(Records from a collection)
━━━━━━━━━━━━━━━━━━━━━━━━━━━━━━
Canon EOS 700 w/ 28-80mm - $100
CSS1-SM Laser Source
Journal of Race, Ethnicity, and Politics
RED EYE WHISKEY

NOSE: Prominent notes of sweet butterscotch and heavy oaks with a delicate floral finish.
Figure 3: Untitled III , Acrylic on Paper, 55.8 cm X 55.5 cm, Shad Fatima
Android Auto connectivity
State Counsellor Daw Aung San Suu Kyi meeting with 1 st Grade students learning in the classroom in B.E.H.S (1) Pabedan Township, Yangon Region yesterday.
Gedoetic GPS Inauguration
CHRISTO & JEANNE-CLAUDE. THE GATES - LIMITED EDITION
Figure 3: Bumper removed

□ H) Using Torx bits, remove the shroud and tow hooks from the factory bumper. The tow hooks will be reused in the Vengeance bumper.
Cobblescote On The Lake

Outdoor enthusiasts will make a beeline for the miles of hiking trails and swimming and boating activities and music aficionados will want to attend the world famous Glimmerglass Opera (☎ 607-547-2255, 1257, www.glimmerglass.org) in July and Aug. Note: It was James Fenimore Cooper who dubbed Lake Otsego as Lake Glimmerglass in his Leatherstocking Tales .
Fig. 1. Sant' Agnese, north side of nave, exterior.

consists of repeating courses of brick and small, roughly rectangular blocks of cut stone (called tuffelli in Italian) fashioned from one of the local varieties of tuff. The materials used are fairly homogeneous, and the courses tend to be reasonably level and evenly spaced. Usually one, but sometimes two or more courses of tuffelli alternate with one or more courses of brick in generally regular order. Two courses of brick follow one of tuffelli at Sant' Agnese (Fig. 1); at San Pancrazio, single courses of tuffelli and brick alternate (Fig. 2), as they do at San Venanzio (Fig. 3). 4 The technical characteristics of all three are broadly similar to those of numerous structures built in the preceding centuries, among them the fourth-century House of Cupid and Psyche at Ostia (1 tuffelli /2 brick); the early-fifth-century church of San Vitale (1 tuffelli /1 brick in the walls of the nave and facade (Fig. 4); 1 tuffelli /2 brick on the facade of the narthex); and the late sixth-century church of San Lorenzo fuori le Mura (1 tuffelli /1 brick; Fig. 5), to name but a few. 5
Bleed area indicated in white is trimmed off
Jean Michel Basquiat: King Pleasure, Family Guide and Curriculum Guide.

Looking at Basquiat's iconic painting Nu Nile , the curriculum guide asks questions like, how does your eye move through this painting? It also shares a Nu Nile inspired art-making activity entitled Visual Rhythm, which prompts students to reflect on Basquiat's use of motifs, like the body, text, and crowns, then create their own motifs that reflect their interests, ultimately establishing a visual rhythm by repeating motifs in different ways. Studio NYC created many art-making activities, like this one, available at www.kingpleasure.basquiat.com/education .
━━━━━━━━━━━━━━━━━━━━━━━━━━━━━━
Of the lines above, output exactly those from the line bearing "NOSE: Prominent notes" through the line bearing "Cobblescote On The Lake", inclusive.

NOSE: Prominent notes of sweet butterscotch and heavy oaks with a delicate floral finish.
Figure 3: Untitled III , Acrylic on Paper, 55.8 cm X 55.5 cm, Shad Fatima
Android Auto connectivity
State Counsellor Daw Aung San Suu Kyi meeting with 1 st Grade students learning in the classroom in B.E.H.S (1) Pabedan Township, Yangon Region yesterday.
Gedoetic GPS Inauguration
CHRISTO & JEANNE-CLAUDE. THE GATES - LIMITED EDITION
Figure 3: Bumper removed

□ H) Using Torx bits, remove the shroud and tow hooks from the factory bumper. The tow hooks will be reused in the Vengeance bumper.
Cobblescote On The Lake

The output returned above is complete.